Fomepizole is a competitive inhibitor of alcohol dehydrogenase. It is FDA-approved for the treatment of ethylene glycol and methanol poisoning. The drug must be diluted and administered by intravenous infusion over 30 minutes; administration as an undiluted intravenous bolus is associated with venous irritation and phlebosclerosis. If given with hemodialysis, which should be considered in addition to fomepizole in patients with renal failure, worsening metabolic acidosis, or a measured ethylene glycol or methanol concentration 50 mg/dL or greater, the dosing frequency must be increased as fomepizole is dialyzable. Assess treatment success by monitoring blood gases, pH, electrolytes, BUN, creatinine, urinalysis, ethylene glycol concentrations (serum and urine) or methanol concentrations (serum), hepatic enzymes, and white blood cell counts.
General Administration Information
For storage information, see specific product information within the How Supplied section.
NOTE: If ethylene glycol or methanol poisoning is left untreated, the natural progression of the poisoning leads to accumulation of toxic metabolites, including glycolic and oxalic acids (ethylene glycol intoxication) and formic acid (methanol intoxication).
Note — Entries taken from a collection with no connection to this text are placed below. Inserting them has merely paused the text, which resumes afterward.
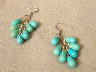Abeytu "Green Leaf" earrings. Turquoise teardrop beads attached with silver tone eye pins onto silver tone fish hook ear wires. ~Donated by Lucinda White lalucedesigns.com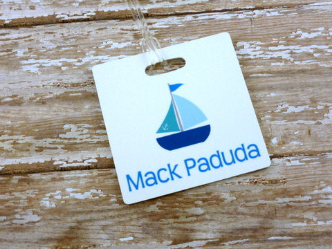 Blue Sailboat bag tags Set of 2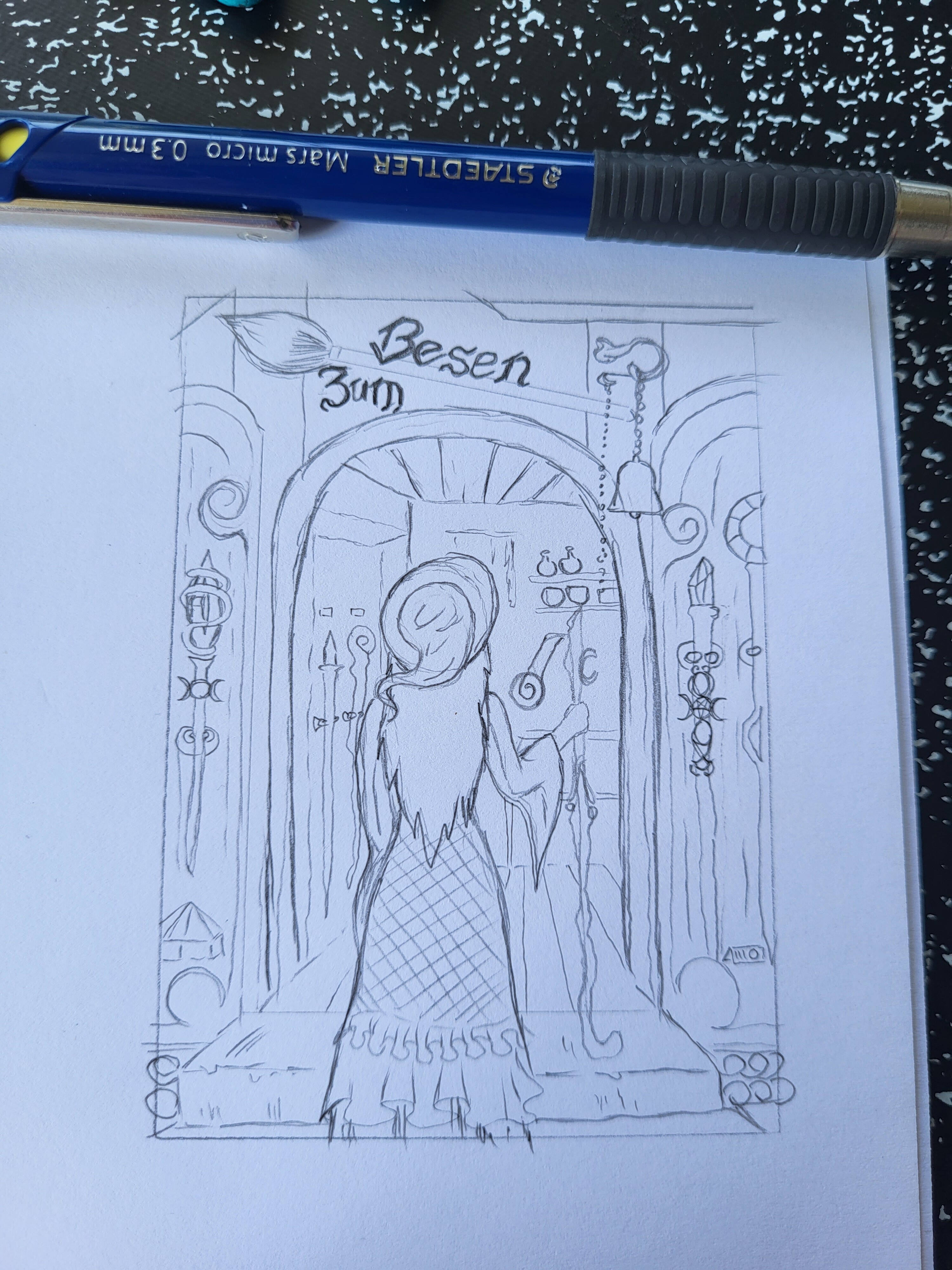 @Eleisis: Sehr schöne Idee und Skizze! Das Schild “Zum Besen” würde ich aber vielleicht nochmal ändern, weil die Leserichtung so ein bisschen komisch ist. Ich hätte erstmal “Besen zum” gelesen in der Reihenfolge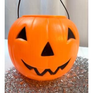 Jack-O-Lantern Halloween Trick or Treat Blow Mold Candy Bucket. It measures 7.25" tall (without its handle)x 9" wide. Preowned condition. A few marks/indents on the black handle- see photos.

These metabolites can induce metabolic acidosis, nausea, vomiting, seizures, stupor, coma, calcium oxaluria, acute tubular necrosis, blindness, and death. The diagnosis of these poisonings may be difficult because ethylene glycol and methanol concentrations diminish in the blood as they are metabolized to their respective metabolites. Hence, both ethylene glycol and methanol concentrations and acid base balance, as determined by serum electrolyte (anion gap) or arterial blood gas analysis, should be frequently monitored and used to guide treatment.
NOTE: Hemodialysis should be considered to remove ethylene glycol, methanol, and the toxic metabolites in patients with high ethylene glycol or methanol concentrations (50 mg/dL or more), significant metabolic acidosis, or renal failure.
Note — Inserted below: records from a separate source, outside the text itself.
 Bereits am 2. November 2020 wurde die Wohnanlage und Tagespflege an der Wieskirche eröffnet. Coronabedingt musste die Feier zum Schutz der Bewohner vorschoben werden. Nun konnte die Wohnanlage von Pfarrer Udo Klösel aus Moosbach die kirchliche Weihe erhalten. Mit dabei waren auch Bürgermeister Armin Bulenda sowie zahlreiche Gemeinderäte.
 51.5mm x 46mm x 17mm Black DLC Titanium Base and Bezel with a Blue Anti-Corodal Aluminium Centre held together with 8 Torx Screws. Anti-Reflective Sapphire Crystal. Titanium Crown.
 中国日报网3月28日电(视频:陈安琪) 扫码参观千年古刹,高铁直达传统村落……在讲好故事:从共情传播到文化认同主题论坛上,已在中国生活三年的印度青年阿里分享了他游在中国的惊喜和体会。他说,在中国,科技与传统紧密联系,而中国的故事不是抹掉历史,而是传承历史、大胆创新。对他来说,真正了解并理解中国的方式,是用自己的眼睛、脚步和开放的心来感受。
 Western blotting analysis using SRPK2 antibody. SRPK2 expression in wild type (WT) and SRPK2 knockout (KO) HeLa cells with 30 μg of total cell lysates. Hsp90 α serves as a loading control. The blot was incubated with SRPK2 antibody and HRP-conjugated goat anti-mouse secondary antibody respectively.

Route-Specific Administration
Injectable Administration
-Visually inspect parenteral products for particulate matter and discoloration prior to administration whenever solution and container permit.
-Fomepizole solidifies at temperatures less than 25 degrees C (77 degrees F). If the solution has become solid in the vial, the solution should be liquefied by running the vial under warm water or by holding in the hand. Solidification does not affect the efficacy, safety, or stability of the solution.
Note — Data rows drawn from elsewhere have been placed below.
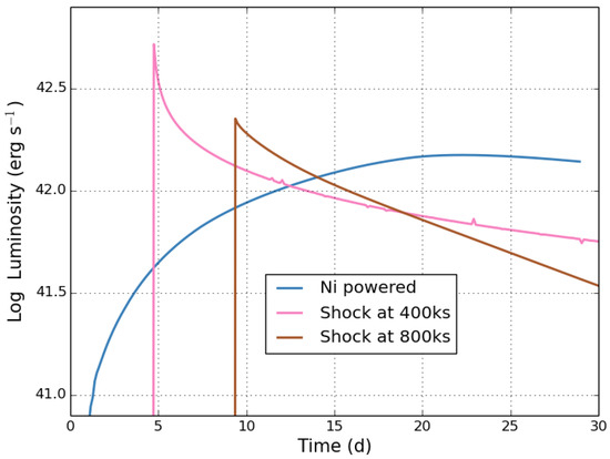 Luminosity for 3 SN explosions with the same Wolf–Rayet progenitor and explosion energy, but one is powered solely by the decay of radioactive nickel ( of 56Ni) and the other two are powered by shock heating, where the shock heating model relies on a single shock decelerating the ejecta and converting kinetic energy into thermal energy that drives the emission. The shock heating models differ by having different timescales for the shock deceleration (400 and 800 ks). For more details, see Fryer et al. in preparation.
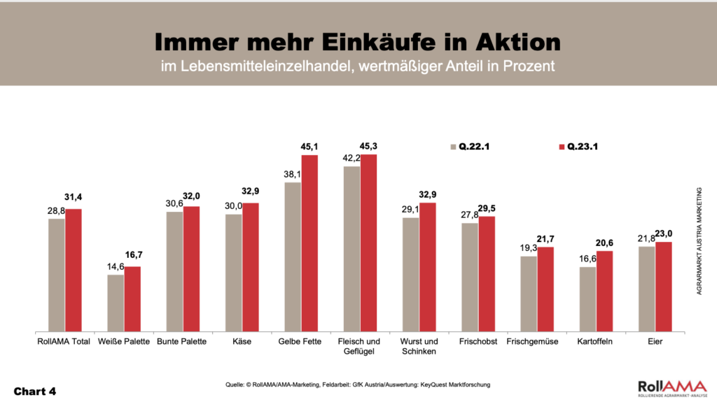 Dass Rabatte und Aktionen aktuell besonders beliebt sind, ist angesichts der allgemeinen Teuerung keine große Überraschung. In Aktion gekauft werden vor allem Gelbe Fette, etwa Butter sowie Fleisch und Geflügel. Fast die Hälfte aller Fleischeinkäufe landen mittlerweile rabattiert im Einkaufskorb (45,3 %).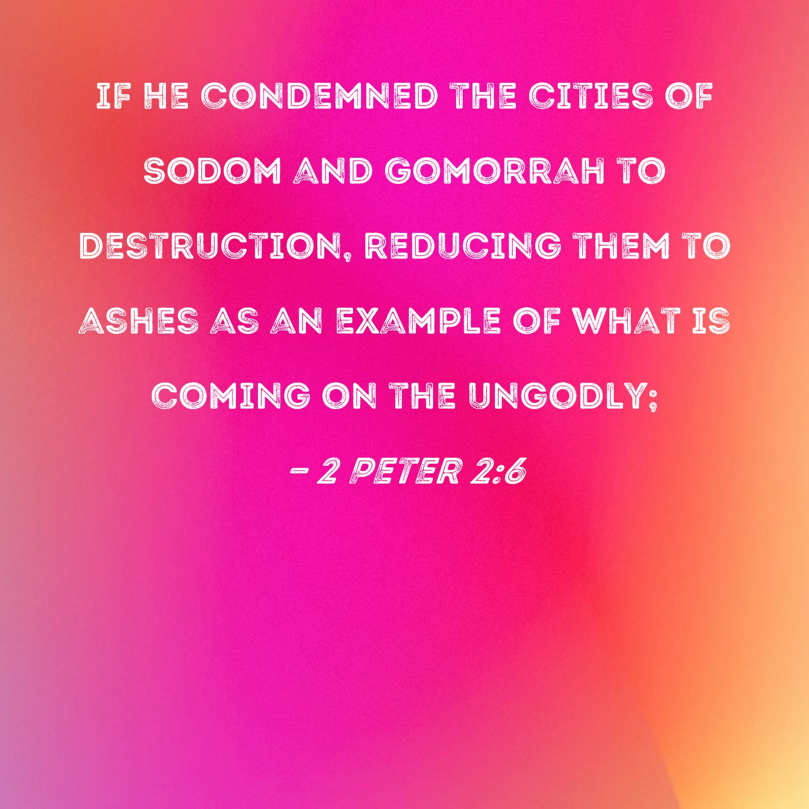 2 Peter 2:6 if He condemned the cities of Sodom and Gomorrah to destruction, reducing them to ashes as an example of what is coming on the ungodly;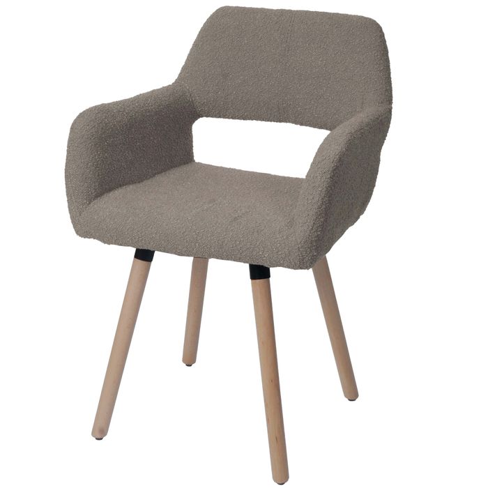 Esszimmerstuhl HWC-A50 II, Stuhl Küchenstuhl Polsterstuhl, Holz Stoff/Textil Bouclé (450g/m²) MVG - taupe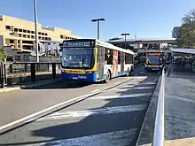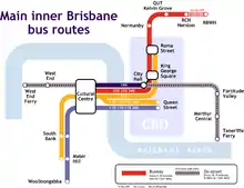 The free City Loop and Spring Hill Loop bus services provide high-frequency public transport access within the Brisbane CBD, and between the Brisbane CBD and Spring Hill.[27] The City Loop operates clockwise (route 40) and anti-clockwise (route 50) in the Brisbane CBD from designated purple-sign bus stops, using distinctive purple buses.[28] In 2021, a trial of electric buses began on the City Loop.[29] The Spring Hill Loop (route 30) operates on a continuous loop between the CBD and Spring Hill, stopping at yellow-sign bus stops, using distinctive yellow buses.[30]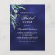 Bridal Shower navy blue greenery elegant Invitation Postcard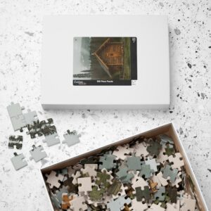A 500-piece puzzle featuring a peaceful cabin in the woods. Perfect for slowing down, relaxing, and reconnecting with the present moment. .: Material: 100% chipboard .: 110, 252, 520 or 1014 piece options .: Available in vertical or horizontal orientation .: Glossy laminated finish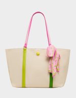 Embrace the art of intentional mismatching with the canvas MISS MATCH TOTE NATURAL MULTI that celebrates bold, eclectic style. Featuring a charming tennis accent, a colorful scarf tied around the handle, and a mix of varying greens against the natural base, this bag proves that clashing patterns and unexpected color combos are totally on-trend. Finished with eye-catching pink straps, it’s the perfect companion for anyone who refuses to play it safe with their accessories.
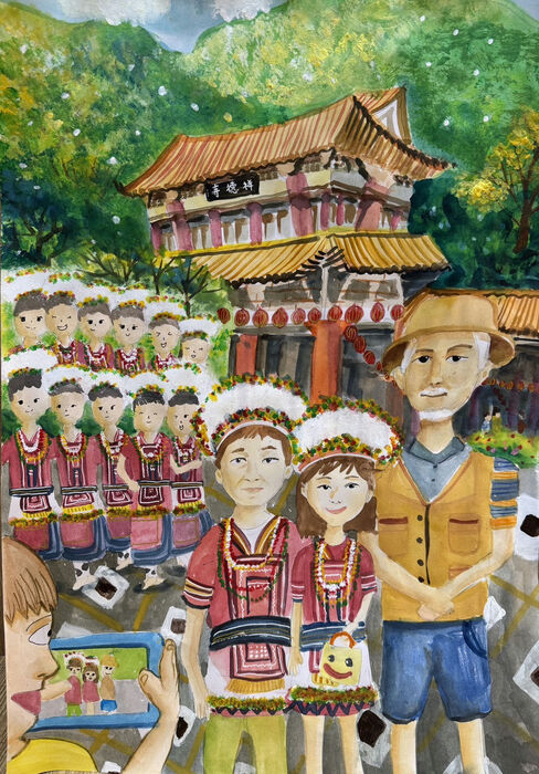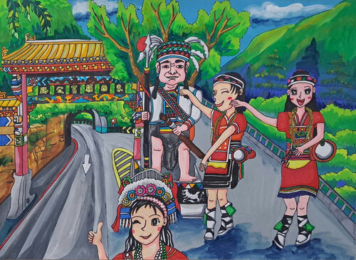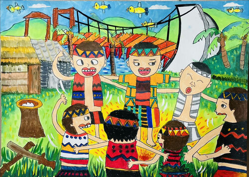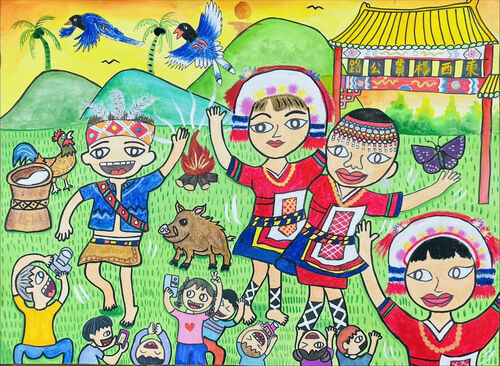 我畫的是部落的婚禮,新娘坐在花轎裡,臉上帶著幸福的笑容。大家穿著漂亮又有特色的衣服,手牽手一起唱歌、跳舞,熱鬧又開心。四周開滿了五顏六色的花,好像天空也灑下花雨,為他們送上最美的祝福。這是一場充滿笑聲的喜事,也是我心中最快樂的畫面。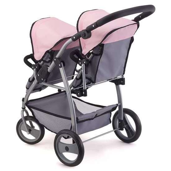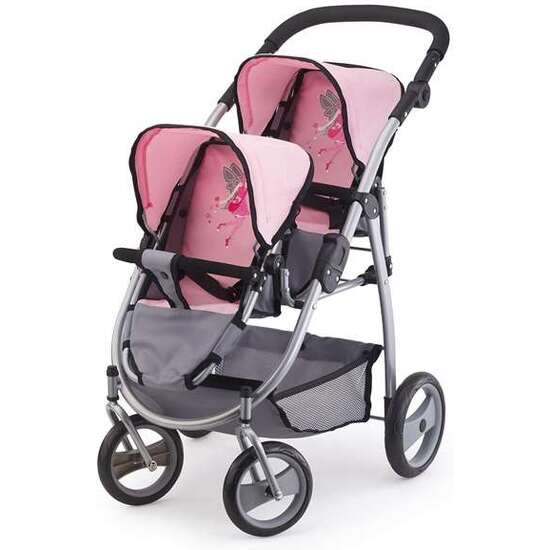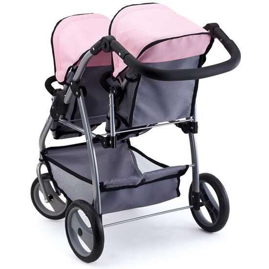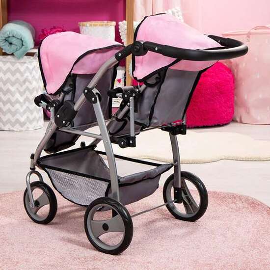 COCHE DE MUÑECA GEMELAR GRIS/ROSA 76X63X4 6CM

Intravenous Administration
NOTE: DO NOT use polycarbonate syringes or polycarbonate-containing needles (including polycarbonate filter needles) while diluting or administering the product. Fomepizole can interact with polycarbonate, and compromise the integrity of the syringe or needle components containing polycarbonate.
Dilution:
-Using sterile technique, withdraw the appropriate dose from the vial with a non-polycarbonate containing syringe.
-Dilute the solution with at least 100 mL of sterile 0.9% Sodium Chloride Injection or 5% Dextrose Injection.
-Mix well.
-Storage: The diluted solution is stable for at least 24 hours when stored refrigerated or at room temperature; DO NOT use beyond 24 hours. The product does not contain preservatives; therefore sterile conditions must be maintained. Do not use solution showing haziness, particulate matter, precipitation, discoloration, or leakages.
Intravenous infusion:
-Infuse the entire contents intravenously over 30 minutes.
-Due to the development of venous irritation, DO NOT administer undiluted or as a bolus injection.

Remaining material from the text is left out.